“The works are voyeuristic but ultimately become incredibly intimate. Through my process, I begin with impressions, controlled moments that give perspective with a specific point of view. I then either scrape away or leave a minimal presence of the subject and its environment, this is the beginning of the conversation.”
Michael Angel is an American-Australian artist. He was born in Melbourne, Australia, and moved to New York City, United States in 2001.
Michael Angel is a self-taught artist, who started painting at the age of 5. Influenced by movements such as impressionism, cubism, and expressionism- Angel focuses his eye on the human form and surrounding environments, re-assembling and distorting his subjects and figures in the process.
Angel began his career in Fashion design forging an innovative path as a textile designer with his use of digital print at the early days of the medium, shortly after he launched and ran his own namesake label in New York in the years 2007- 2014, which focused solely on digital print using his own original art.

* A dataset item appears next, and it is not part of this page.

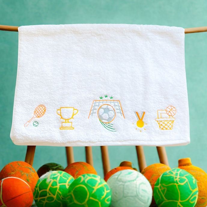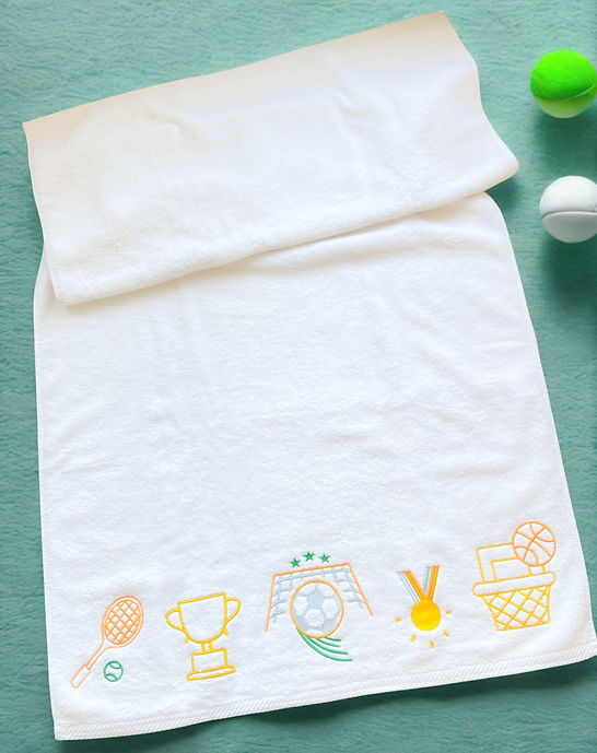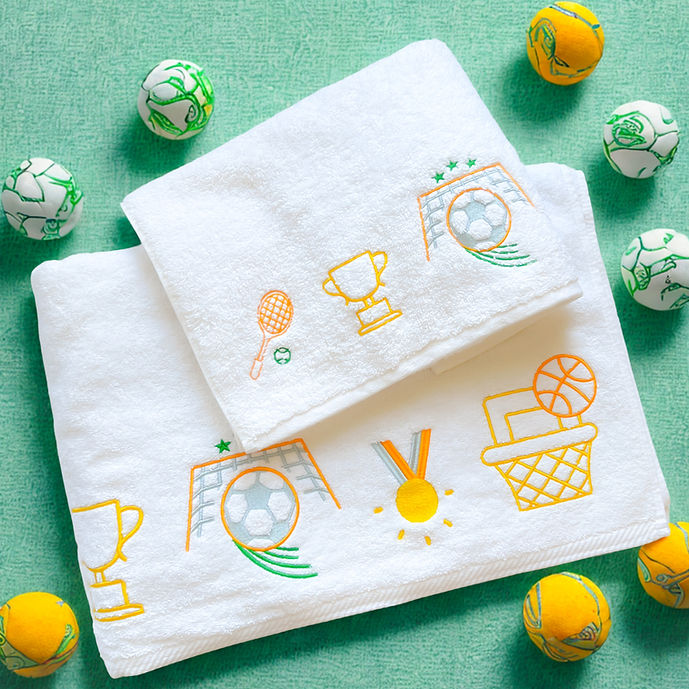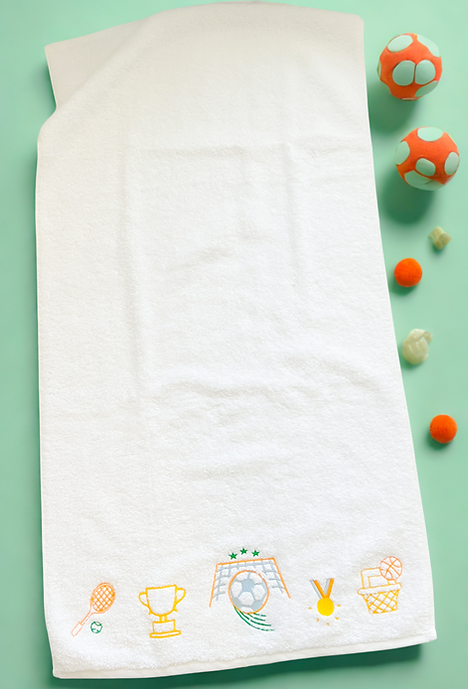 I'm your kids "boy" towel. I'm 100% Egyptian Giza (highest quality) Cotton Towel with an embroidered border on 1 end & 1 side of the towel. My other side has no borders.

Angel would later incorporate this expansive body of digital artwork by using these textiles in his
artwork.
Angel then turned his focus solely on painting to begin Series 1 in East Hampton, NY. Influenced by artists such as Egon Schiele, Edvard Munch, Francis Bacon, Willem de Kooning, Gerhard Richter and Mark Rothko. Angel’s influences can be seen through his unique blend of gestural abstraction and figuration.
Angel’s show titled ‘Home’ in January 2018, would be his first major step into figuration. The exhibition explored the subject of domesticity through a series of eight new paintings, portraits that were primarily inspired from photographs dating back to his youth. Although far from the total abstraction of some of his earlier works, the canvas scraping of his palette knife technique is still present and serves here to obscure and distort in order to distance the figures and unsettle a narrative of comforting home life. The screen-like grid that recalls his earlier work at the forefront of digital textile design, it is the figures themselves that have a distinct layered impression that gives the viewer a clearer understanding of what he has felt during the process, being able to express the emotion of both subject and artist.